■ **INPUT FOR THIS TASK**

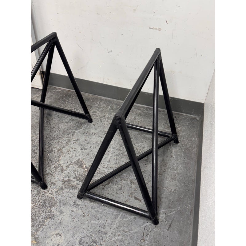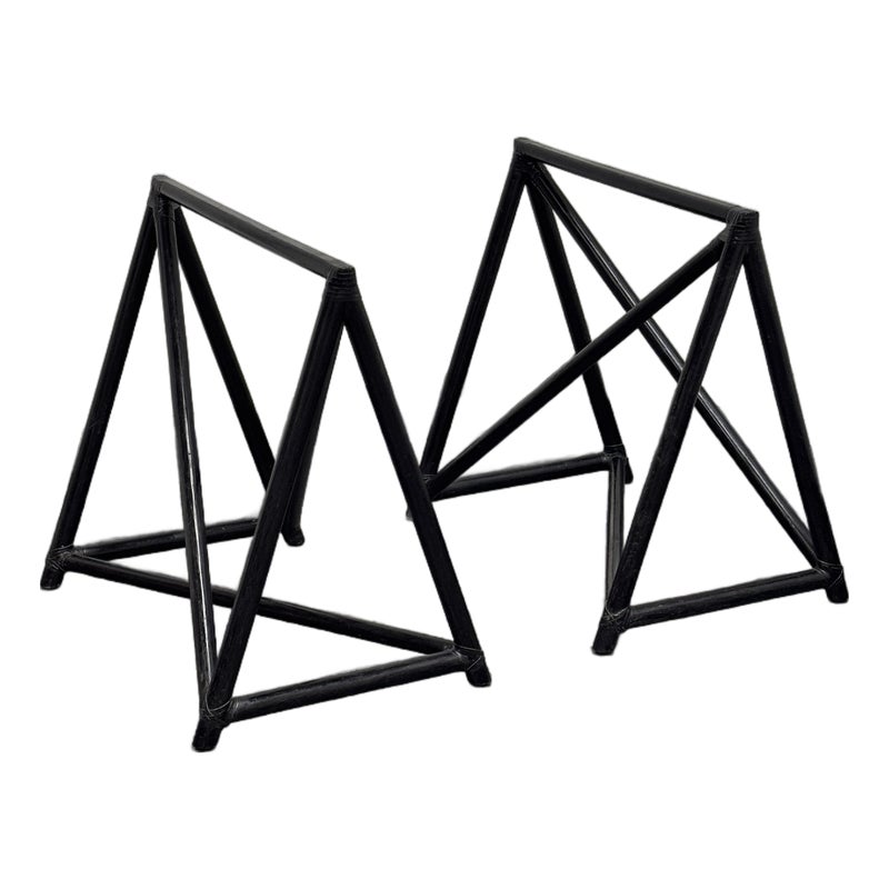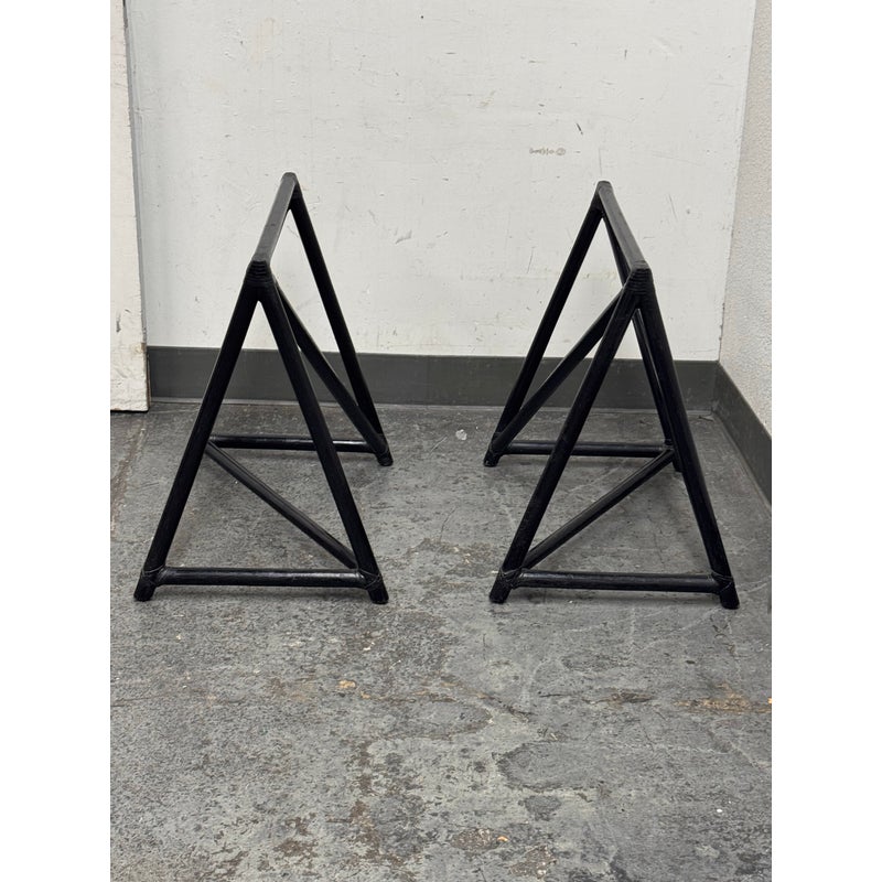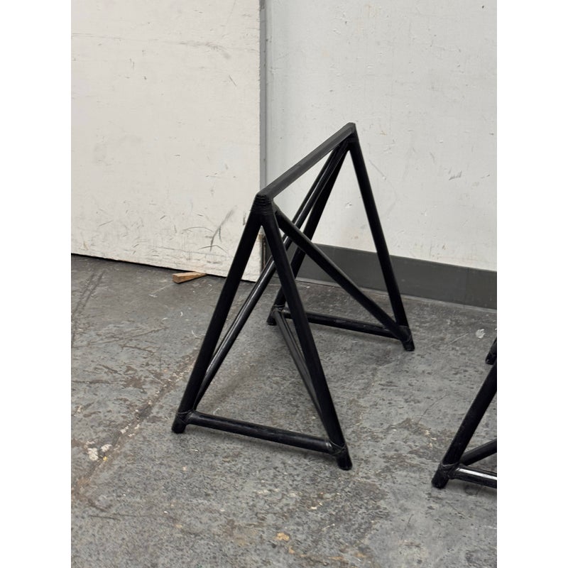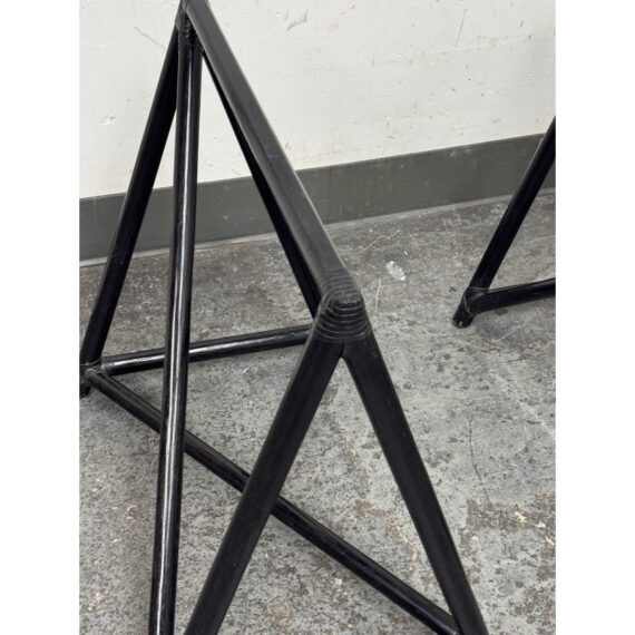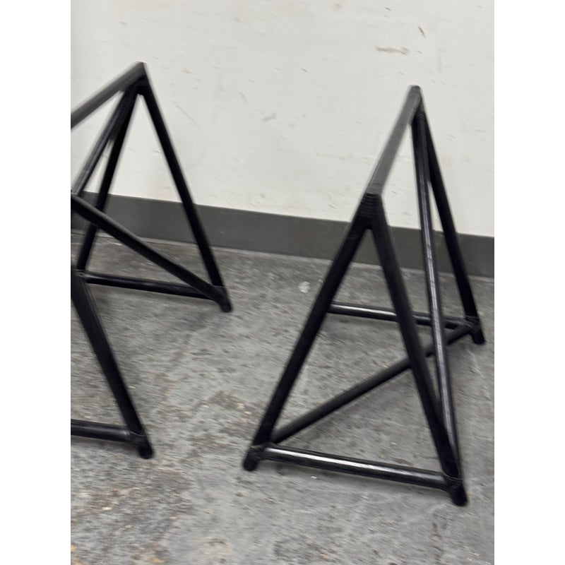 Design Plus Gallery presents a Pair of Hawkins Sawhorse Bases by McGuire Furniture. The bases have rich dark leather wrapping around bamboo supports that are stained black. These bases will offer you efficient and elegant support when a rectangular expanse of glass is added. They are in good condition with visible and minimal wear from usage. Made in the USA.
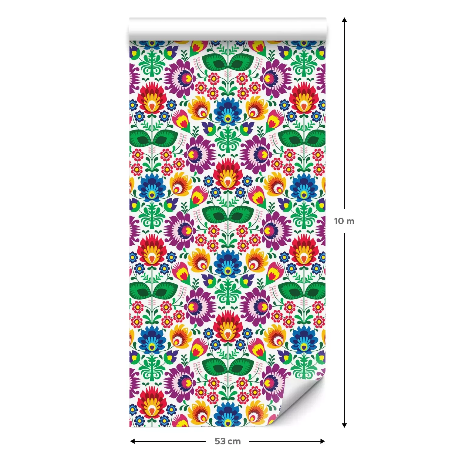 Eine Standard-Tapetenrolle hat die Maße 0,53 m x 10 m und deckt eine Wandfläche von etwa 5 m² ab.
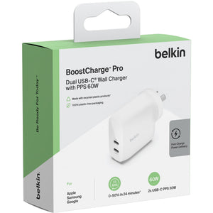 Belkin BoostUp Charge Dual USB-C Wall Charger with PPS 60W (White)
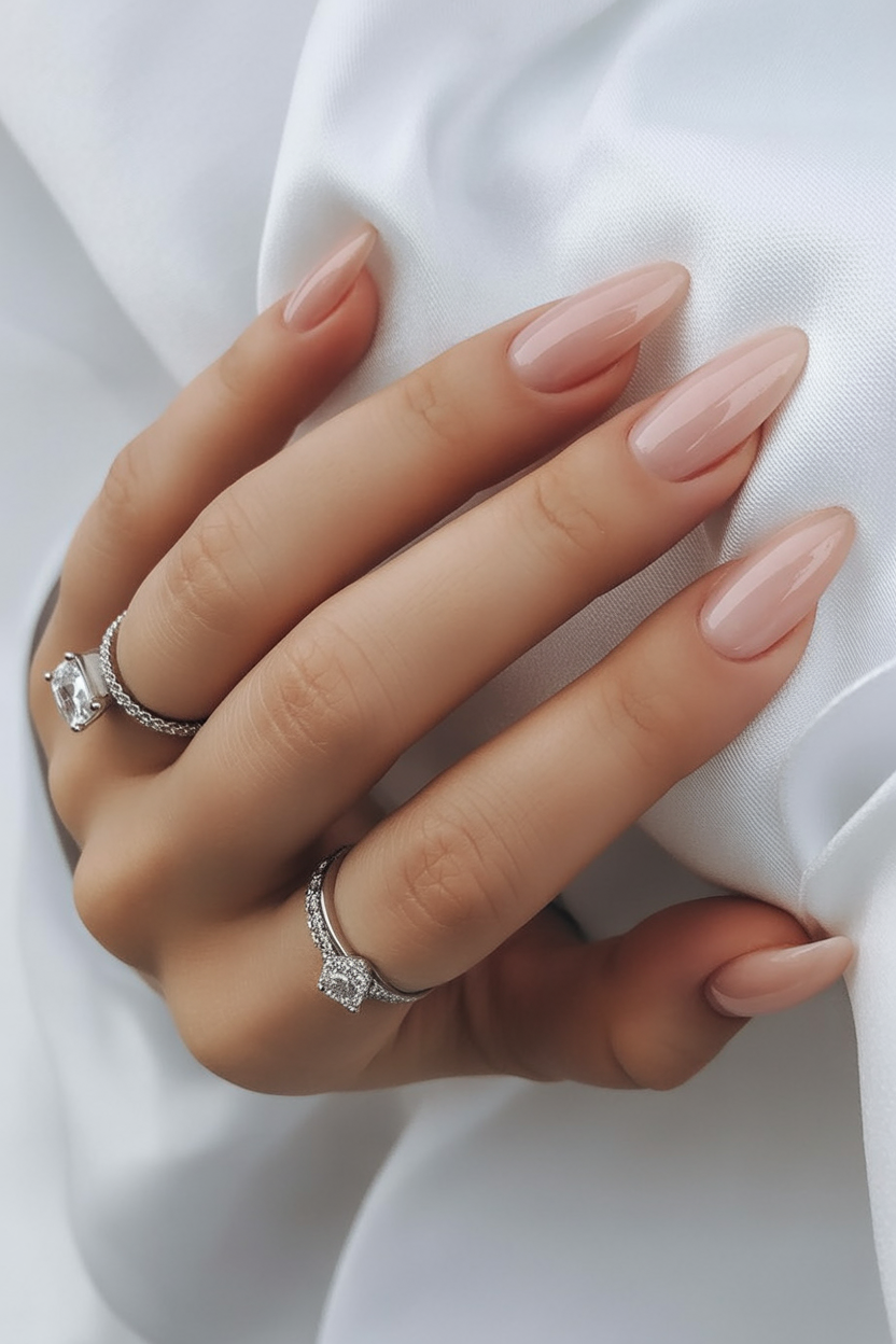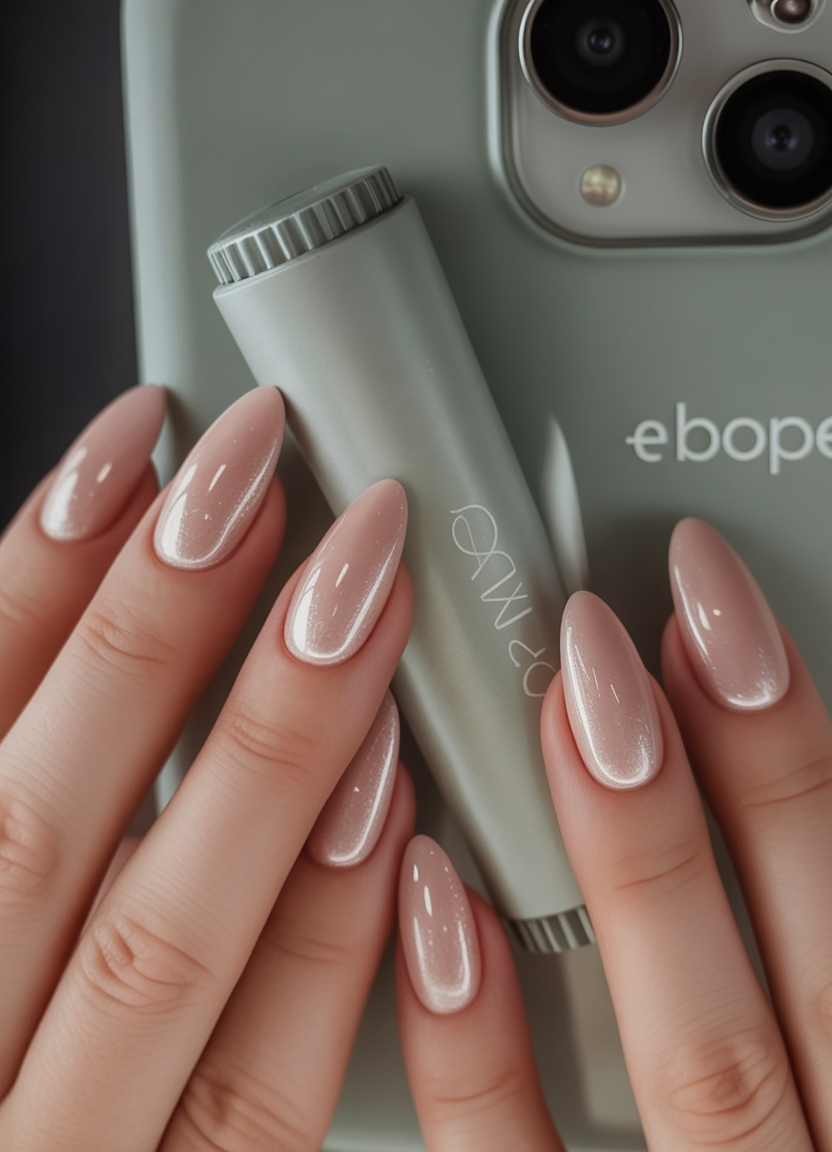 This design shows nails and never goes out of style. Looking clean and glossy, almond-pink nails give a fresh, polished look and exude confident vibes. No extra details, no distractions, just smooth perfection that instantly makes your hands look cared for and elegant.
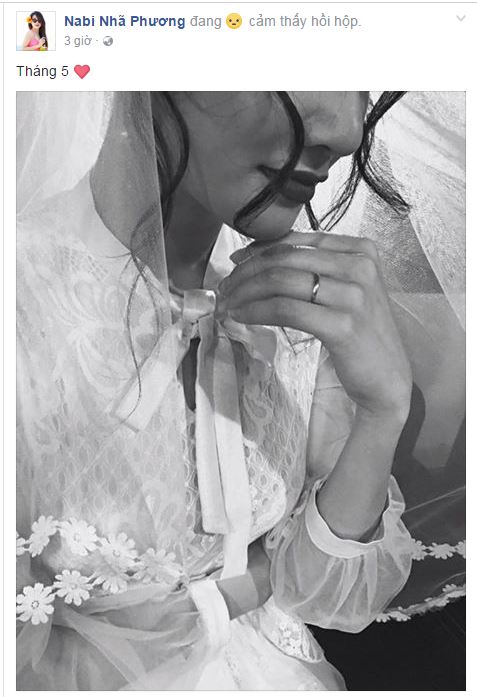| Nhã Phương từng khoe ảnh đeo nhẫn, mặc váy cô dâu trên trang cá nhân. |
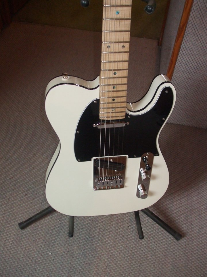 Perfekte Farbe, wunderschön, gerade mit dem weißen kleinen Pickguard.Heute hat sich mein Helferlein frei genommen (von seiner Freundin) und konnte mir helfen.. Die nächse auf der Warteliste ist fertig... Ein T-Modell aus Esche, mit Ahornhals. ABM Brücke und zwei Häussel PU's (Spezialanfertigung für den Hals) Mischung aus Alnico 5 und Alnico 3. Ein schönes Blau, finde ich?
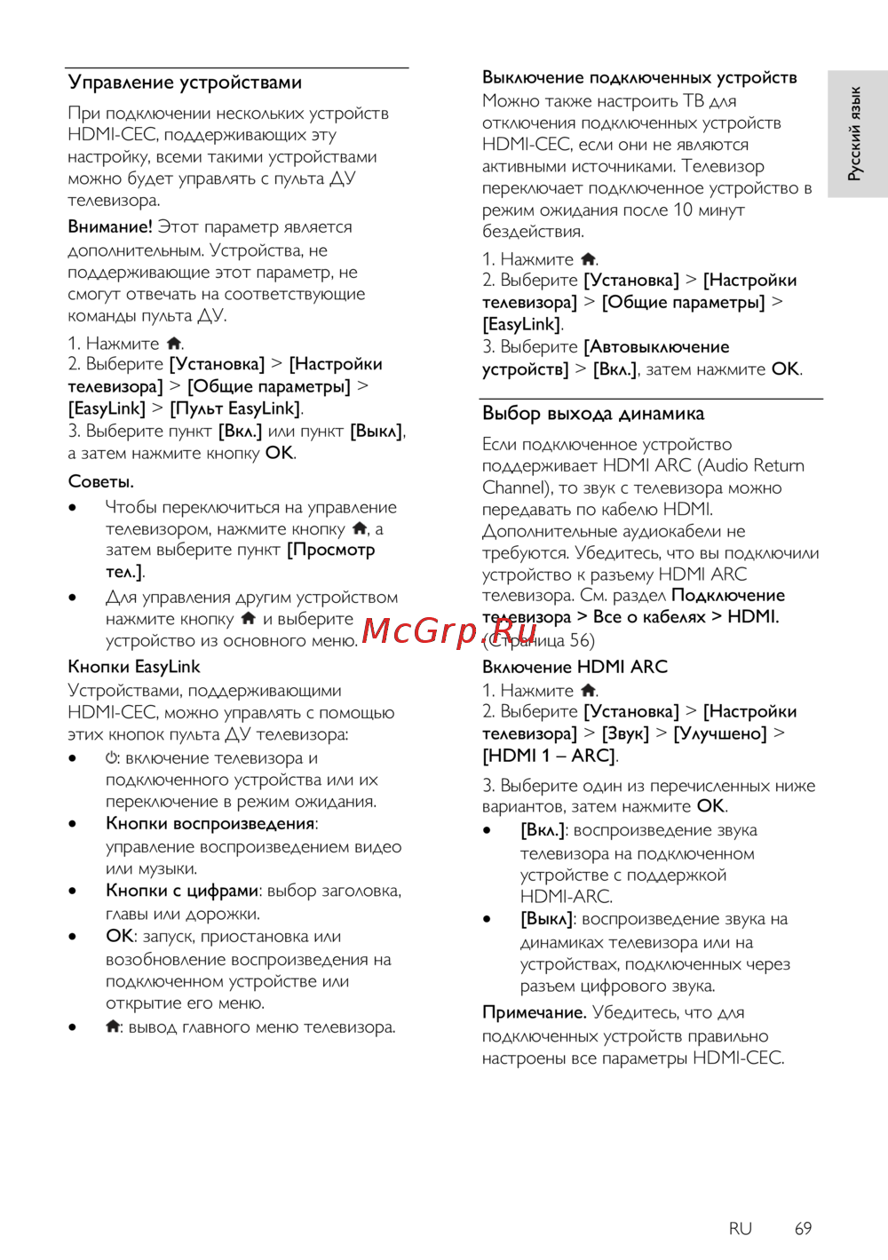 Philips 46PFL4508H — управление устройствами через HDMI-CEC: Полное руководство [69/90]

■ **PROBLEM REQUIREMENTS**
Of all the material above, only the lines from the one that has "This design shows" down to the one that has "trang cá nhân. |" are to be written out, exactly and with both ends included. Pictures are skipped.

■ **FINISHED TASK**
 This design shows nails and never goes out of style. Looking clean and glossy, almond-pink nails give a fresh, polished look and exude confident vibes. No extra details, no distractions, just smooth perfection that instantly makes your hands look cared for and elegant.
| Nhã Phương từng khoe ảnh đeo nhẫn, mặc váy cô dâu trên trang cá nhân. |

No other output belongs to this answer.